First, we would advocate the importance of setting up processes within units to ensure that appropriate information exchange and elaboration is occurring. That is, individuals may tune out information from others that they find “uninteresting” and therefore miss out on the relevance of the information for task accomplishment. For example, an individual with strong conventional interests may be thinking through procedures and responsibilities while an individual with strong social interests may be focused on finding out more about who will be involved, and in doing so neither attends sufficiently to important information. Further, leadership can play an important role in facilitating information exchange and integration. Rico, Sanchez-Manzanares, Antino, and Lau (2012) demonstrated that the negative effects of educational specialization differences on group decision-making performance can be alleviated by cross-cutting roles and superordinate goals. Leaders can facilitate processes by which group members build on each other’s ideas through discussion as well (Ellis, Mai, & Christian, 2013).

Second, when a diversity of interests is associated with separation on a particular issue (e.g., valuing feelings over rules), it is important to understand the separation and to ensure it does not devolve into a faultline in the group. Lau and Murnighan (1998) advanced a theory of faultlines, where attributes divide a group into smaller subgroups that individuals identify with more strongly. Faultlines can negatively impact group functioning (Thatcher & Patel, 2011) if their strength is not reduced. In the case of interests, individuals may form alliances with like-profiled others in the group. Chiu and Staples (2013) suggest one can reduce faultlines by having members that cut across subgroups (e.g., the scientist who also loves art). Faultline reduction can be facilitated by creating mechanisms for greater information elaboration and for individual disclosure of individuating information. Researchers have noted the value of perspective-taking (Hoever, van Knippenberg, van Ginkeyl, & Barkema, 2012) to ensure that members can appreciate others’ views and why a particular focus might be appealing to someone with interests different from one’s own.

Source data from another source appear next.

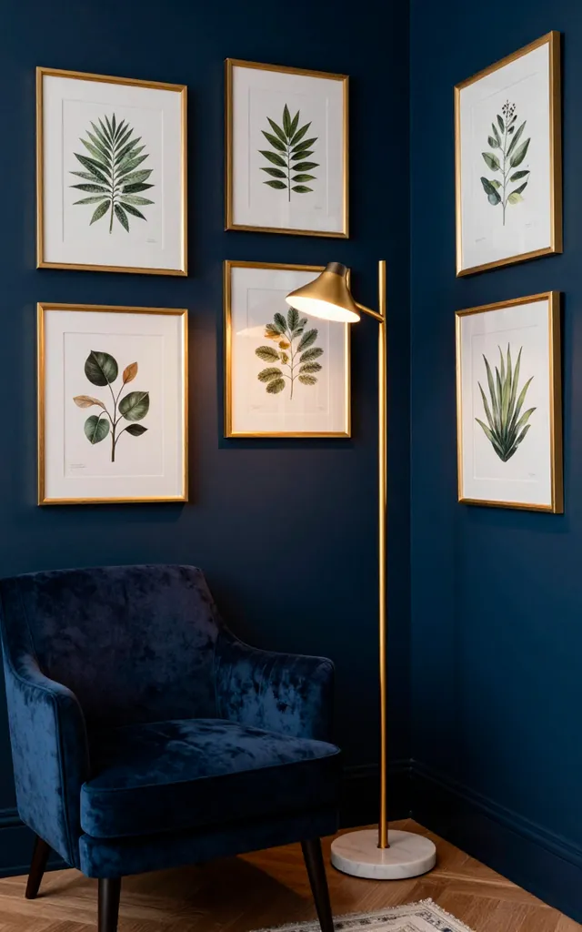 Navy and gold go together like coffee and Sunday mornings. I find that a few brass touches prevent a dark room from feeling like a black hole. Think about adding a sleek gold floor lamp or some metallic picture frames. It adds that ‘I have my life together’ vibe even if you are just reading trashy novels. IMO, this is the easiest way to elevate a nook without a full remodel. 🙂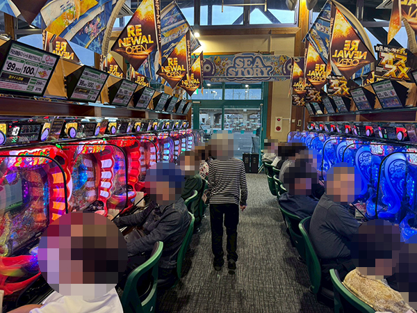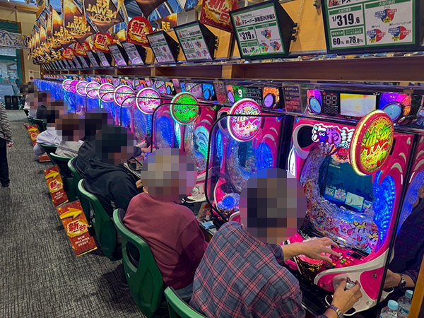 店内には老若男女を問わずプレイヤーが集合。パチンコ・パチスロの各シマから活気が感じられた。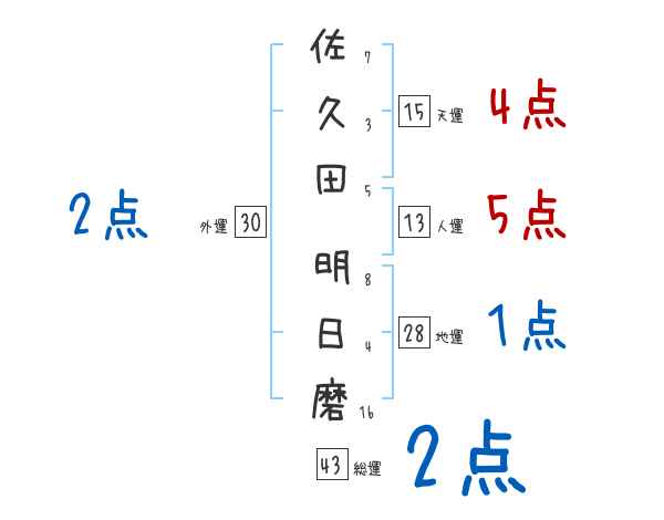 総運![]() | 佐久田明日磨さんの総運は43画の2つ星!頑固な性格で独立心が強いかも。やや非現実的で浪費に注意しましょう。 あなたの人生を表す1番重要な運勢です。生涯を通じて影響する総合運となり、主に50歳以降の晩年期に影響を及ぼします。 |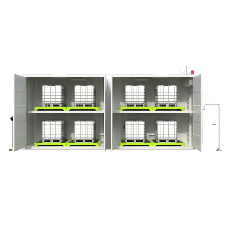 Овој кабинет за складирање е опремен со сеопфатен сет на капацитети за контрола на безбедноста и животната средина, што го прави сигурен избор. Има систем за заштита од пожар и кражба, водоотпорна заштита и електрична опрема отпорна на експлозија. Интегрираниот систем за гаснење пожар, вклучително и уред за гаснење пожар со цевки со хептафлуоропропан, може брзо и ефикасно да ги потисне пожарите. Дополнително, напредниот систем за следење на животната средина континуирано ја следи концентрацијата на испарливи органски соединенија (VOCs), температурата, влажноста и вентилацијата, обезбедувајќи безбедно и стабилно опкружување за складирање. Без разлика дали е за индустриска, комерцијална или јавна институционална употреба, овој слоевит кабинет за складирање на отворено обезбедува безбедно и практично решение за потребите за складирање на отворено.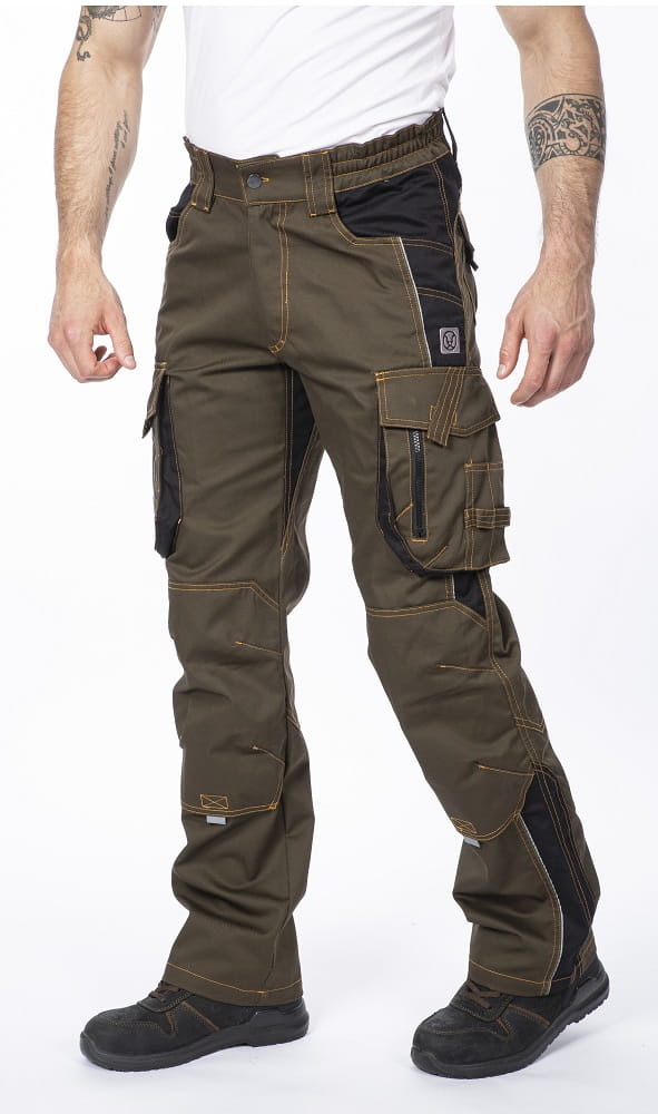 Zastosowany materiał to solidny splot diagonalny, łączący oddychającą bawełnę z wytrzymałym poliestrem. Optymalna gramatura sprawia, że spodnie są odporne na codzienne zużycie, a jednocześnie gwarantują odpowiedni komfort termiczny. Przemyślany, anatomicznie wyprofilowany krój nogawek świetnie współpracuje z ciałem w ruchu. Jeśli często pracujesz na kolanach, docenisz podwójną warstwę materiału w tej strefie oraz dedykowane, zintegrowane kieszenie na nakolanniki. Całość wyróżnia się nowoczesnym, wpadającym w oko designem – kontrastowe pikowanie dżinsową nicią, solidne suwaki oraz stylowe wzmocnienia tworzą świetny efekt wizualny, a odblaskowe detale z przodu i z tyłu dbają o Twoje bezpieczeństwo po zmroku.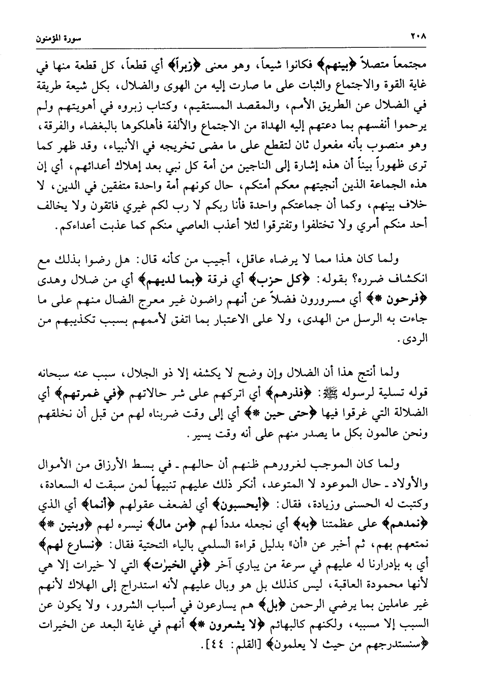 مجتمعاً متصلاً ) بينهم ( فكانوا شيعاً ، وهو معنى ) زبراً ) أي قطعاً ، كل قطعة منها في غاية القوة والاجتماع والثبات على ما صارت إليه من الهوى والضلال ، بكل شيعة طريقة في الضلال عن الطريق الأمم ، والمقصد المستقيم ، وكتاب زبروه في أهويتهم ولم يرحموا أنفسهم بما دعتهم إليه الهداة من الاجتماع والألفة فأهلكوها بالبغضاء والفرقة ، وهو منصوب بأنه مفعول ثان لتقطع على ما مضى تخريجه في الأنبياء ، وقد ظهر كما ترى ظهوراً بيناً أن هذه غشارة إلى الناجين من أمة كل نبي بعد إهلاك أعدائهمن اي أن هذه الجماعة الذين أنجيتهم معكم أمتكم ، حال كونهم أمة واحدة متفقين في الدين ، لا خلاف بينهم ، وكما أن جماعتكم واحدة فإنا ربكم لا رب لكم غيري فاتقون ولا يخالف أحد منكم أمري ولا تختلفوا لئلا أعذب العاصي منكم كما عذبت أعداءكم .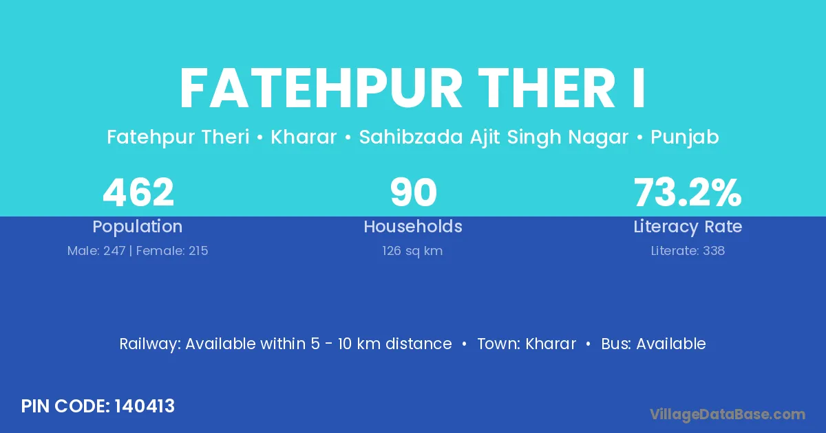Fatehpur Ther I village has a total population of 462 people, of which 247 are males and 215 are females.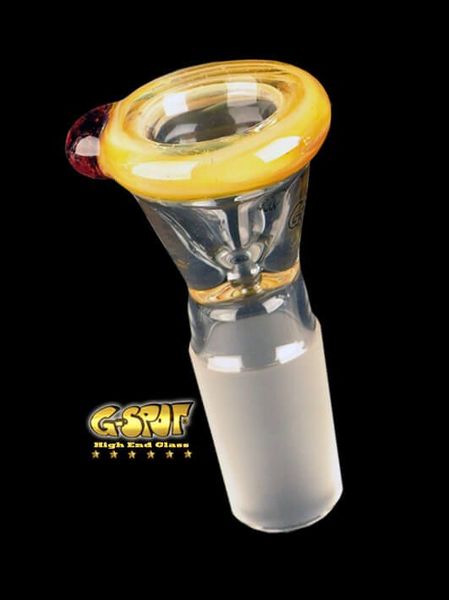 G-Spot konischer Farbglasflutschkopf gelb/weiß (NS 18.8)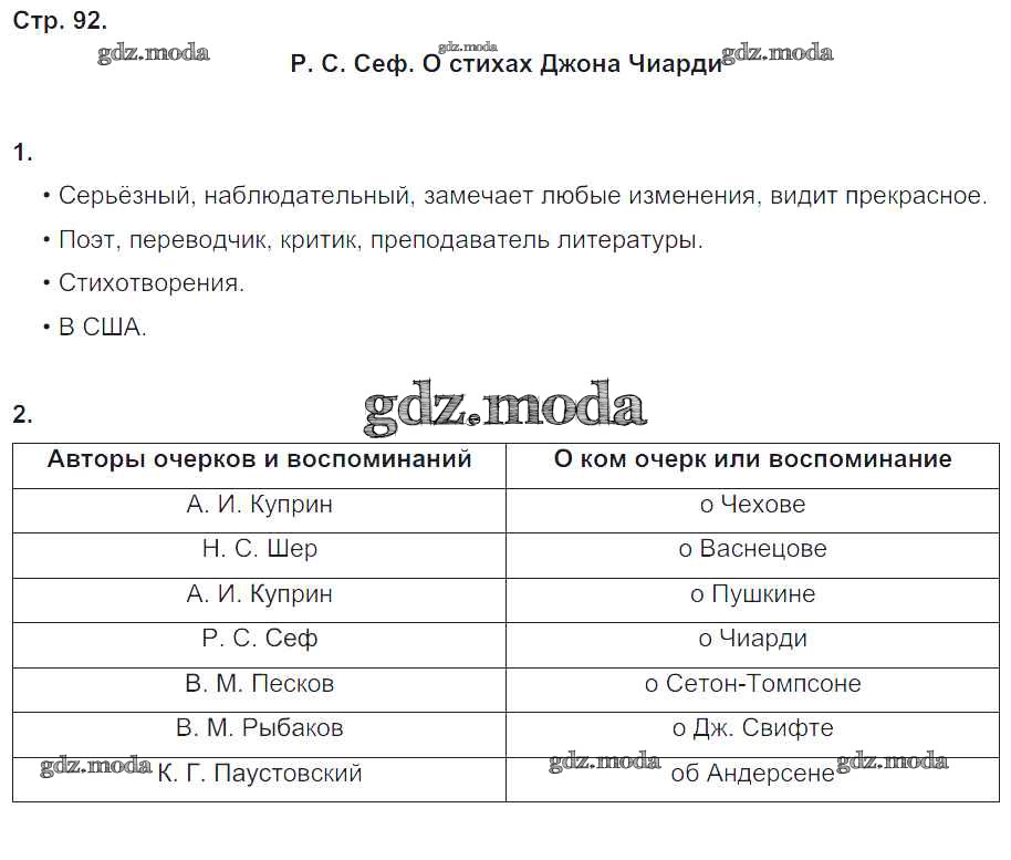 ГДЗ решение к заданию № 92 Литературное чтение 4 класс рабочая тетрадь Ефросинина Л.А. Вентана-граф 2020 Часть 1, Часть 2 ФГОС бесплатно на гдз.мода!

Interests as an Influence on Unit Diversity

The second part of this chapter focuses on how interests affect demographic diversity in a unit. Despite advancements, the world of work remains somewhat demographically segregated (Blau, Brummund, & Liu, 2013). Given that individuals seek interest congruence by pursuing and remaining in environments that match their vocational interests (Dawis & Lofquist, 1978; Holland, 1959; Lent, Brown, & Hackett, 1994), investigating the relations between demographic characteristics and vocational interests provides insight into the processes that can limit unit diversity on demographic and other characteristics.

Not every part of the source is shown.